I was kind of sad to be getting off my bike, it didn’t seem like a long enough ride but I think my body was done. In total the whole trip had taken us twelve hours, we’d set off at 7am and finished at 7pm. We didn’t rush, it was never a race, just a challenge to see if we could both do it. For me it was whether I could do that much in one day, for the Short One it was whether she could swim the full length of Wastwater. It turns out we both definitely could. The Short One even managed to make her swim into 6.5km rather than the expected 4.5km thanks to her penchant for swimming near the shore. That’s more than double what she’s ever swum outside before. Hats off Madam!
Obviously we couldn’t finish our trip without having another dunk, so fully dressed in our biking gear, we jumped in the rather wavy Irish Sea. It was really warm!
None of this could have happened without the Short One’s madcap suggestion, Alex Kashefi (Barefoot Alex’s) inspiration, the best support crew ever that is Jac and our ever patient families who let us have a day off! Jac & Short One also need credit for most of the photos. Thanks you lot, it was ace!

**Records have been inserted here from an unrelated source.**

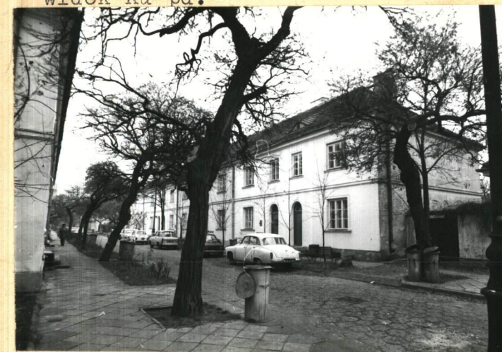
Zach. pierzeja ulicy, widok w kierunku południowym (dom nr 7)

Wkładkę założył: Ewa Kornysz, XI 1985 (imię, nazwisko, data)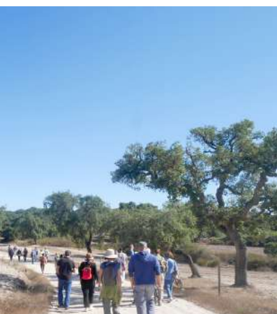
Caminheiros felizes em alegre cavaqueira.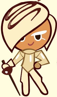
คุกกี้นุ่มด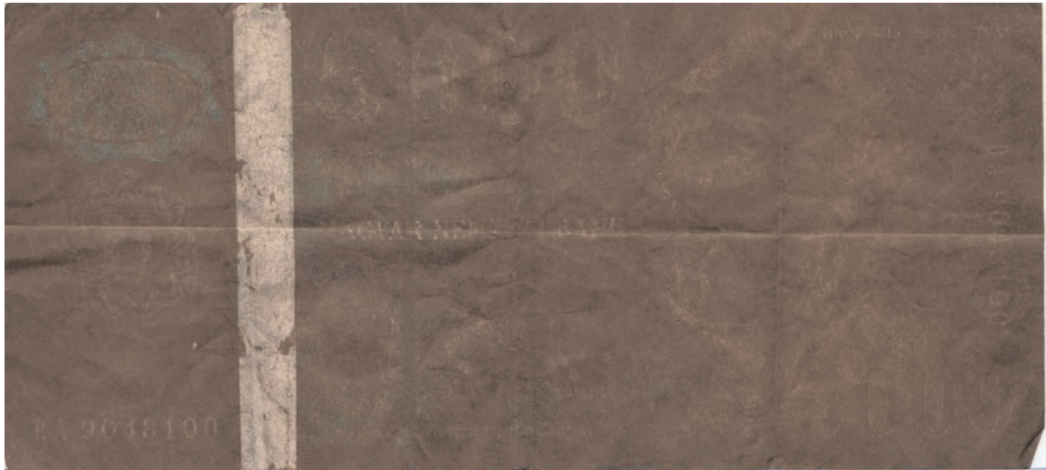
Kimosott, a mosás hatására teljesen elszíneződött 5000 forintos bankjegy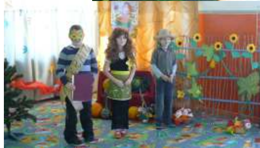
WYSTĘP KLAS II - III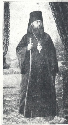
ლეონიდ კათალიკოს-პატრიარქი მცხეთაში კურთხეული თებერვლის 23.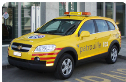
Chevrolet Captiva – Int. 021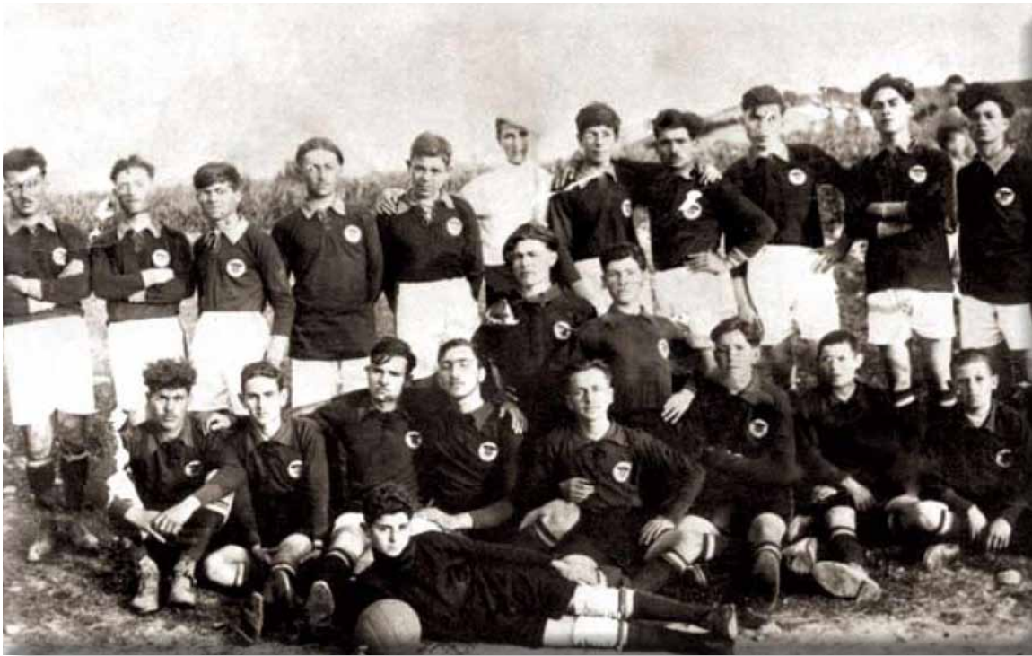
Η ομάδα του αθλητικού και μορφωτικού συλλόγου «ο Αγροτικός Αστήρ Νέου Κουκλουτζά», 1934, Συλλογή Αγγελίδου.

μόνο τον συναισθηματικό δεσμό με την ιστορική πατρίδα και τη μείζονα σημασία που απέδιδαν επομένως οι πρόσφυγες στην πατρογονική εστία, αλλά και την αναζήτηση καταφυγίου για ασφάλεια και κοινωνική αυτοεκτίμηση. 1258

After my early scepticism on whether I’d be able to do it, a last minute bike makeover and the staving off of some dodgy lungs, we did it. I think I’ll stick with Grandpa Potts’ ethic. Adventures are everywhere. It doesn’t have to be an outdoor one. Anything that challenges us beyond our usual comfort zone can be classed as an adventure, be it a different career, a new hobby or trying that new restaurant you’ve not been sure of. Do it. Take it. Grasp it. If it doesn’t work out chalk it up to experience and find another adventure. Regardless of the outcome it’s always worth it to avoid slipping into that “very dull life”.